▶ [What the task asks]
Write out exactly, excluding pictures, the lines from the one containing "2. Acesse a tela de Produtos." through the end of the data, both included.

▶ [Recorded data]
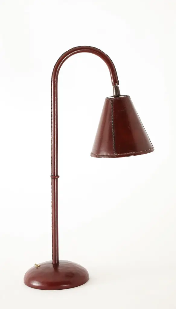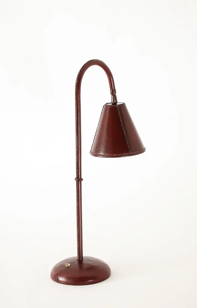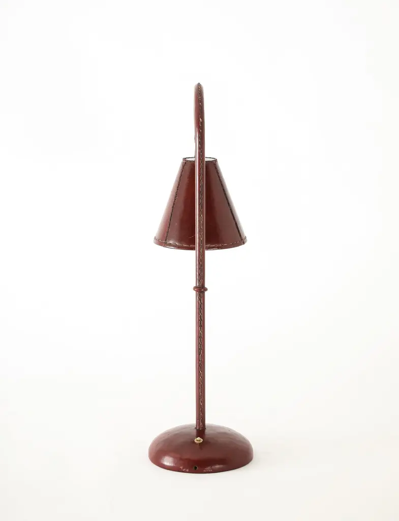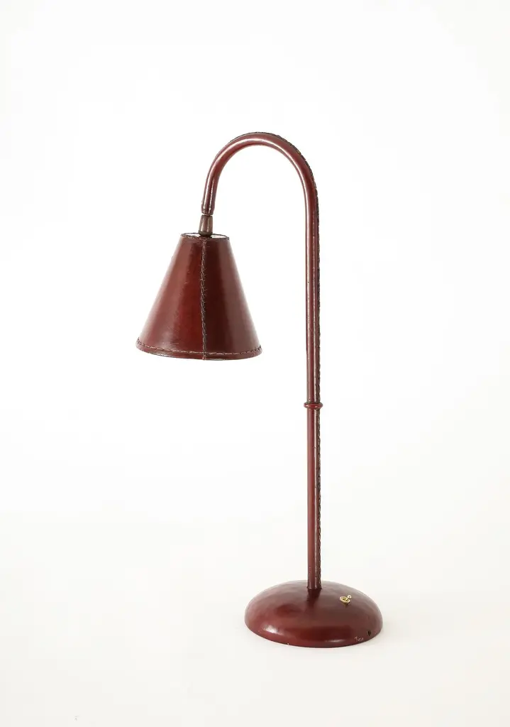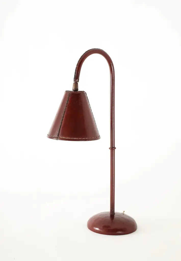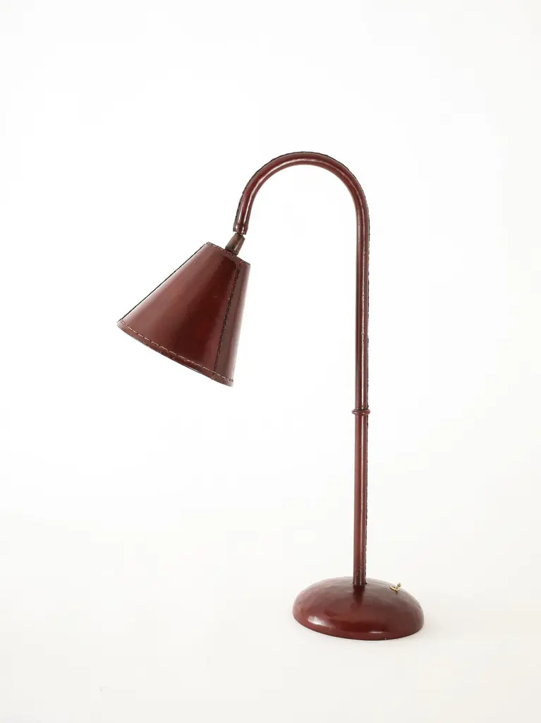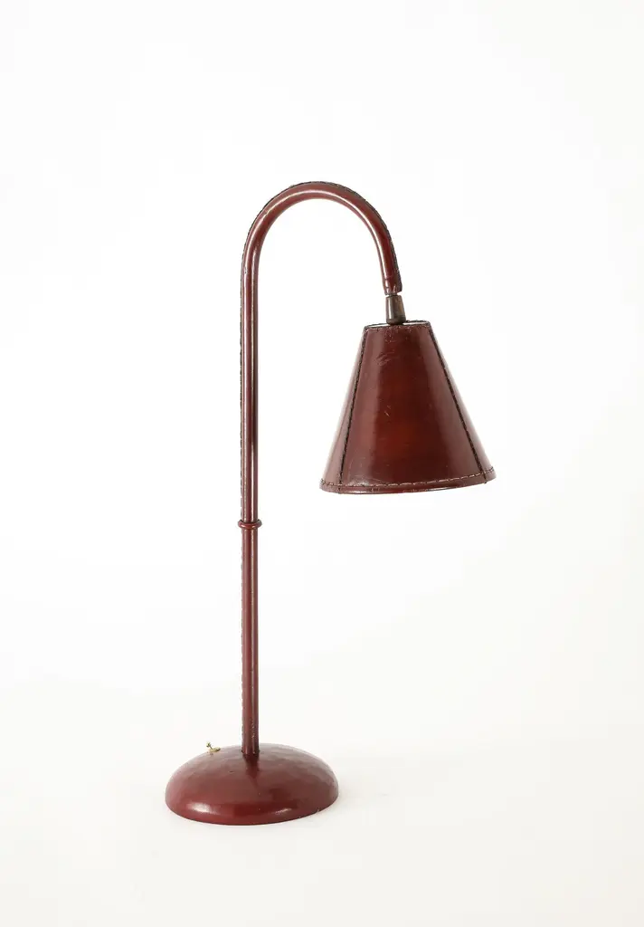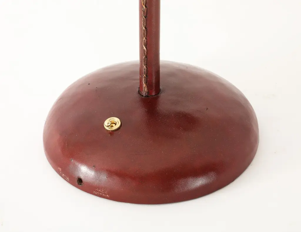 Valenti Desk Lamp In Burgundy Leather, Spain 1960's
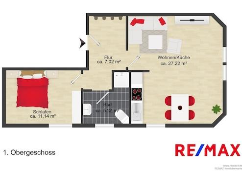Die 2-R-Wohnung im 1. Obergeschoss ist wie folgt aufgeteilt:
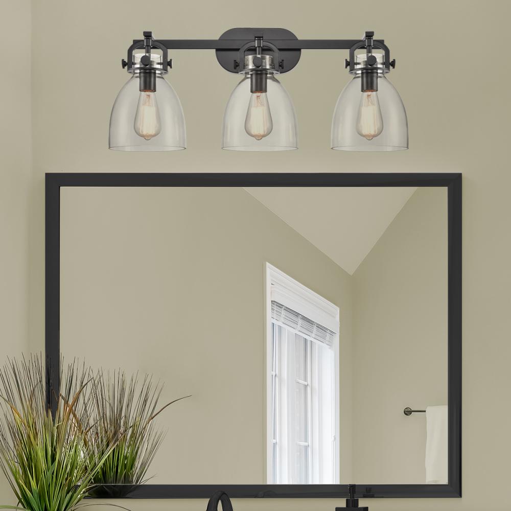 Newton Bell - 3 Light - 27 inch - Matte Black - Clear Shade - Bath Vanity Light
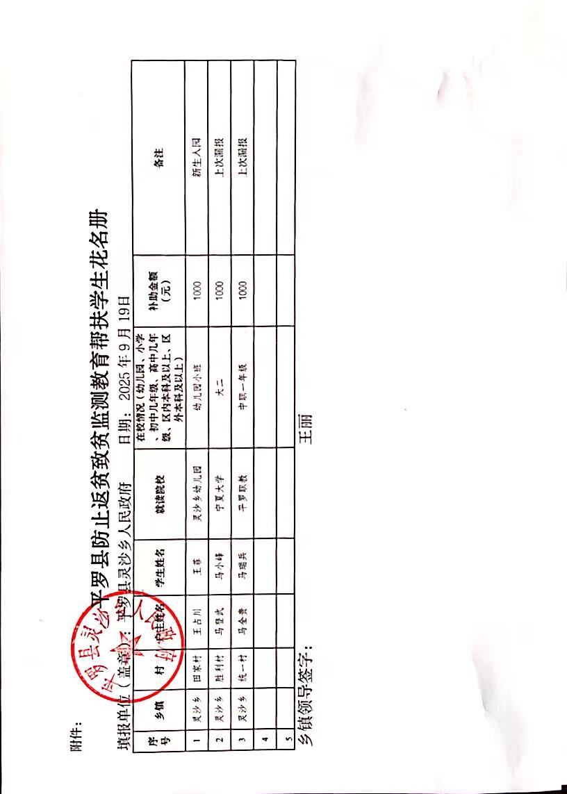 灵沙乡2025年第二批防止返贫致贫监测 教育帮扶补助学生名单公示
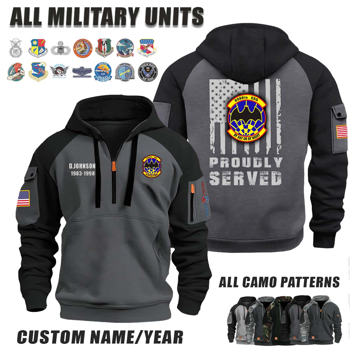 This 6988th ESS Electronic Security Squadron_Camo Halfzip Hoodie lets you customize your Branch, Unit, Role, Rank, and Years Served — so your service, sacrifice, and pride live on.
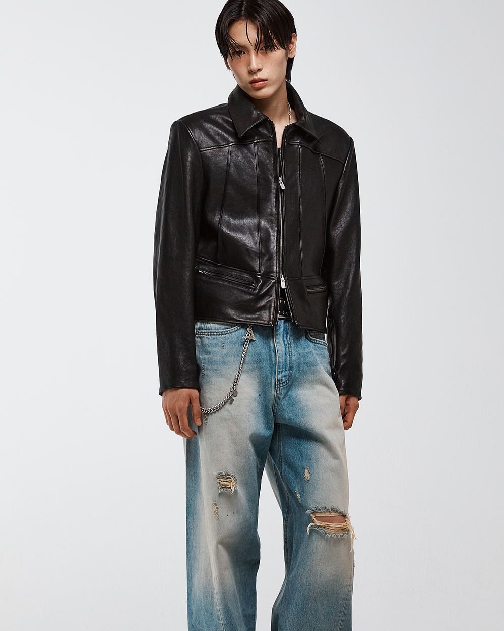이탈리아산 베지터블 램스킨으로 제작된 크롭 레더 재킷입니다.
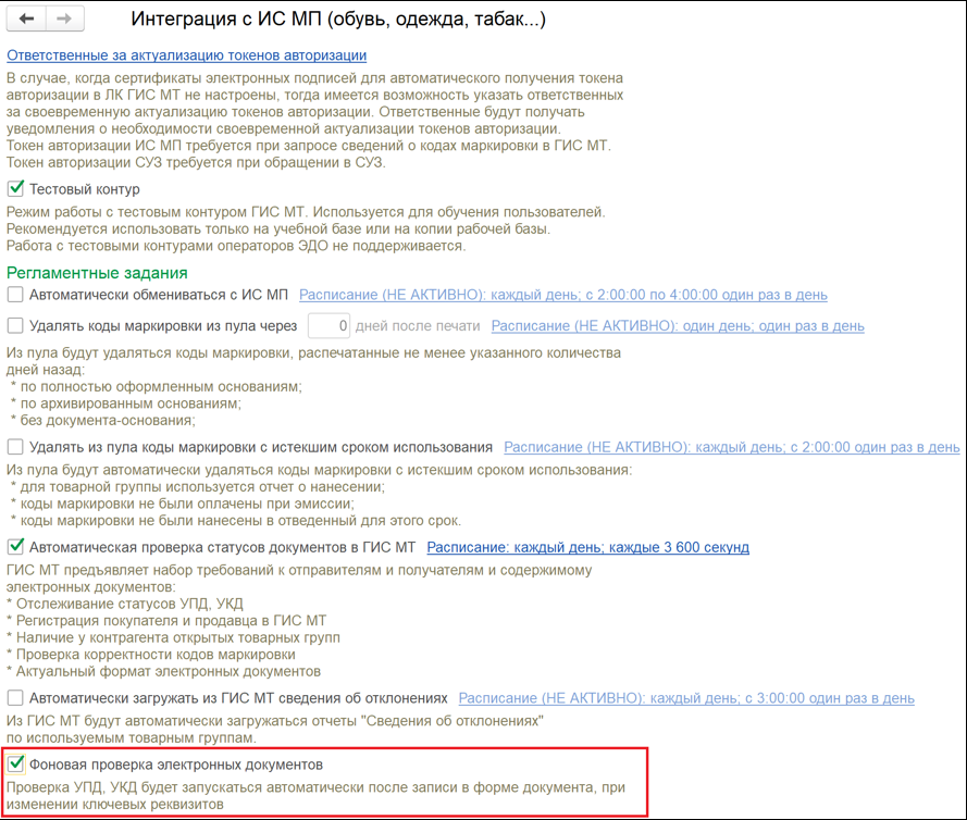 Если в настройках интеграции с ГИС МТ включена опция "Фоновая проверка электронных документов", то при проведении документа автоматически выполняется проверка данных на соответствие требованиям ГИС МТ.
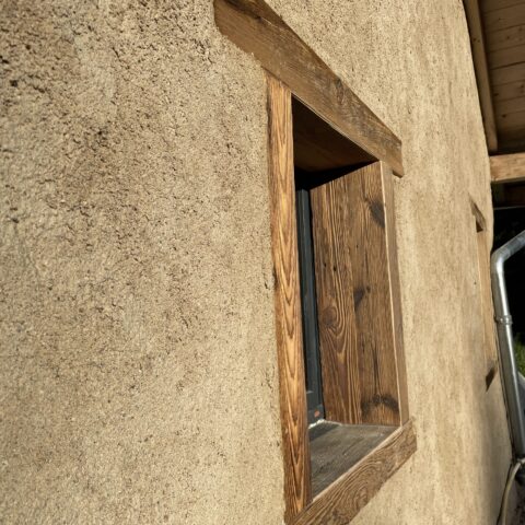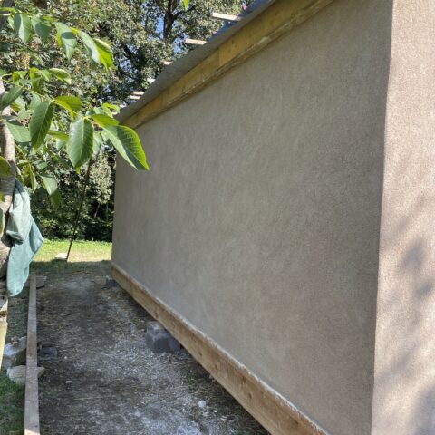 Enduits de finition sur un cabanon avec murs banchés en terre/paille allégé
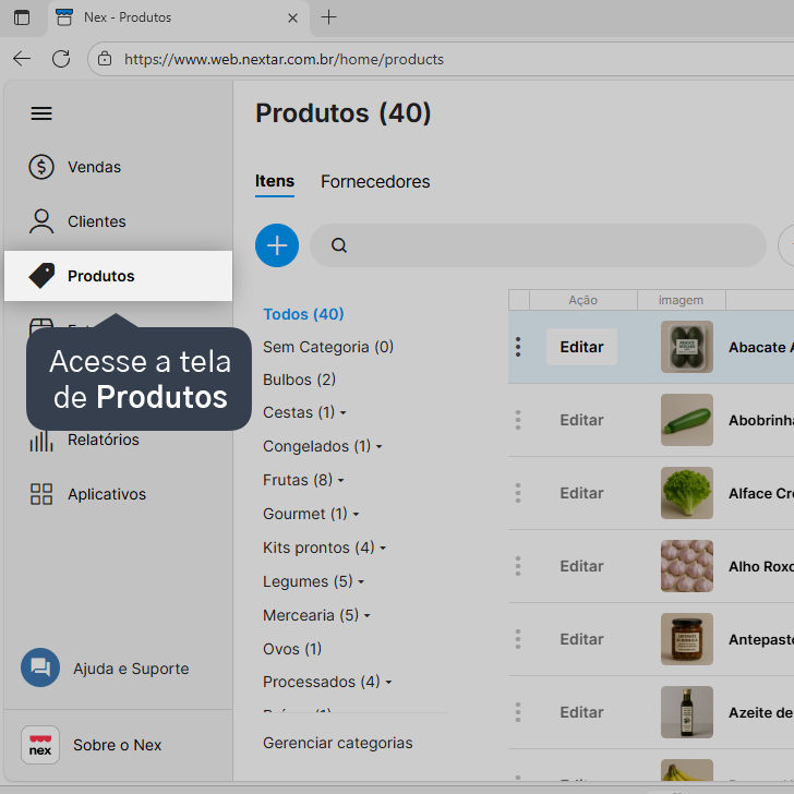 2. Acesse a tela de Produtos.
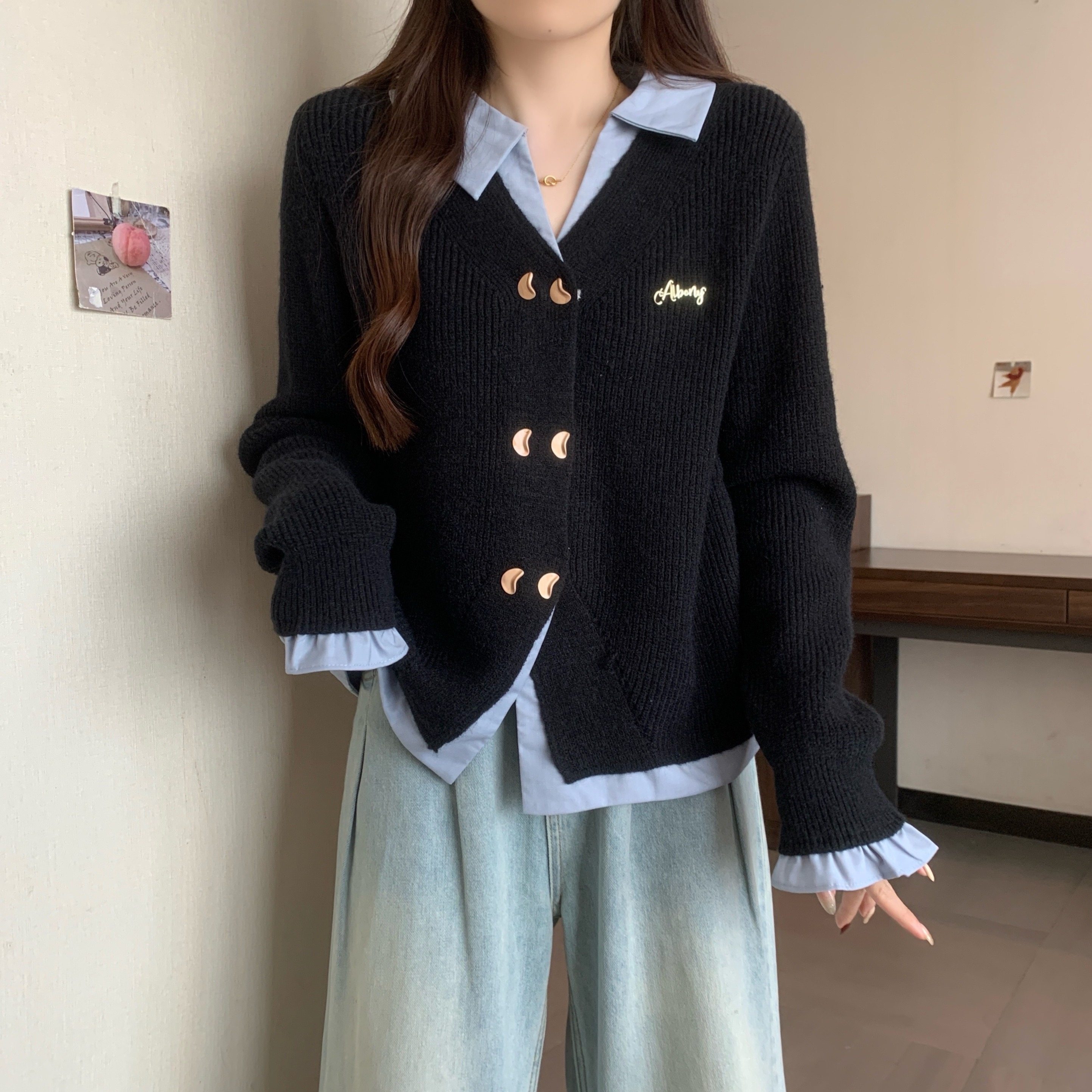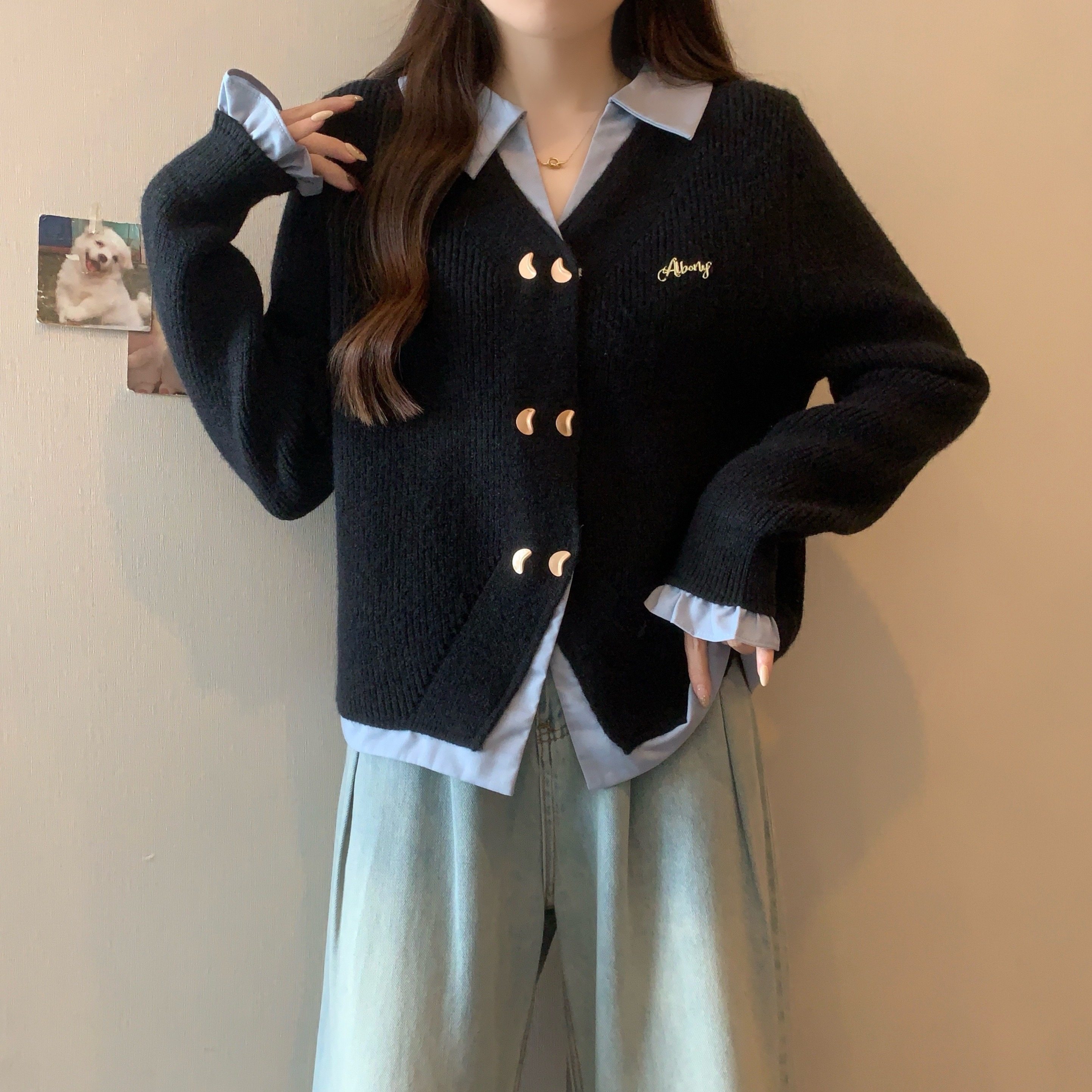 实拍~大码秋冬新款polo领假两件针织衫胖mm宽松刺绣开衫毛衣外套

▶ [Answer section]
 2. Acesse a tela de Produtos.
 实拍~大码秋冬新款polo领假两件针织衫胖mm宽松刺绣开衫毛衣外套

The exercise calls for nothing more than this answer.